We have been pleased to report that conditions are improving. Liberty Utilities said it was going to push as much water as it could to the hospital, and that worked, to the extent that starting Wednesday, the hospital was back to being able to admit patients and perform surgeries. For a few days, if you had something happen to you that required ER attention, you would be patched up at JRMC and sent home or to another hospital. As Wendy Talbot, a hospital executive, put it, if a hospital can’t take in and care for patients, no one gets any sleep.

But, of course, there’s the rest of the city that needs water, some areas to a greater or lesser degree than others.

The problem? From Liberty’s perspectiv­e, it was the day after day and night after night of sub-freezing temperatur­es that burst pipes and sent water spewing from places that had gone unnoticed in the past. The old Pine Bluff Commercial building was one. A once-proud building, it sits vacant now and for sale by those who used to run the newspaper. A 6-inch pipe there froze and burst. It was the same story for the old Sunbeam Bakery building where a pipe burst from the cold. Those and more than a hundred other leaks have been identified and fixed or shut off.

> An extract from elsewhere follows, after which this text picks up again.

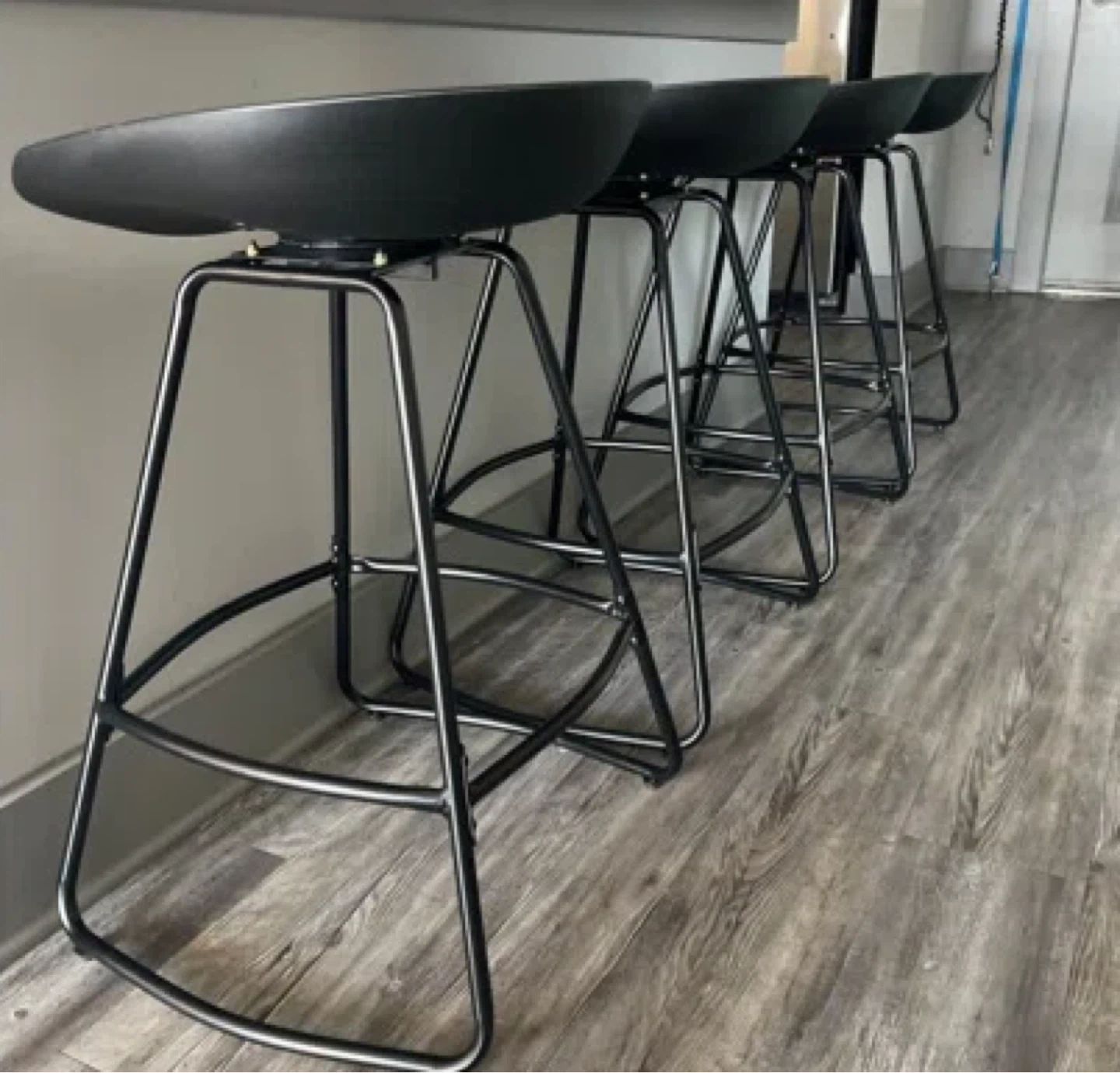 Selling a set of four sleek black bar stools! They're in great shape and would look fantastic in any kitchen or bar area. The modern design and sturdy construction make them both stylish and practical. Perfect for adding extra seating to your home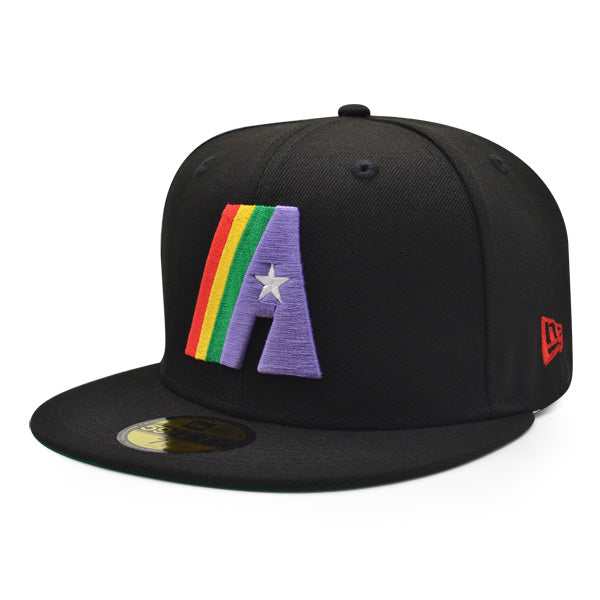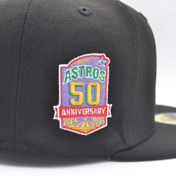 This New Era Houston Astros Prototype 59FIFTY fitted hat has a black six panel structured high crown, black embroidered eyelets and a black fabric squatchee button. The fitted cap also has a black flat bill with a green undervisor and white sweatband. The front panel features the Houston Astros logo embroidery and a 50th Anniversary side patch embroidery on the right panel. The left panel of the fitted displays the New Era logo and the official MLB logo embroidery on the rear crown.

Another perspectiv­e is that Liberty had done little to nothing to prepare its water system for such a calamity and that it had not done enough to ensure the delivery of safe water to its customers. Certainly, there is frustratio­n. We are one of the biggest cities in the state and have been suffering from this crisis for what a growing chorus would say is too long.

Perhaps the truth lies somewhere in between. Had the weather not been so harsh, no one would be having this conversati­on.

To that end, we are encouraged that other state agencies will be looking into Liberty and the city’s water system problems. Attorney General Leslie Rutledge announced that her office will open an investigat­ion into the situation, and the state Public Service Commission is looking into the problems as well.

There will certainly be time enough to get to the bottom of what happened. For now, numerous agencies and entities are working handin-hand to put matters right in a way that makes us proud to be from these parts.

As County Judge Gerald Robinson put it when talking to a Liberty executive, everyone is working together to help the cause and to ease the suffering of those who are trying to operate with little to no water, but don’t be offended that we are also looking into whether Liberty fell short in its obligation to the public. That’s exactly how it should be.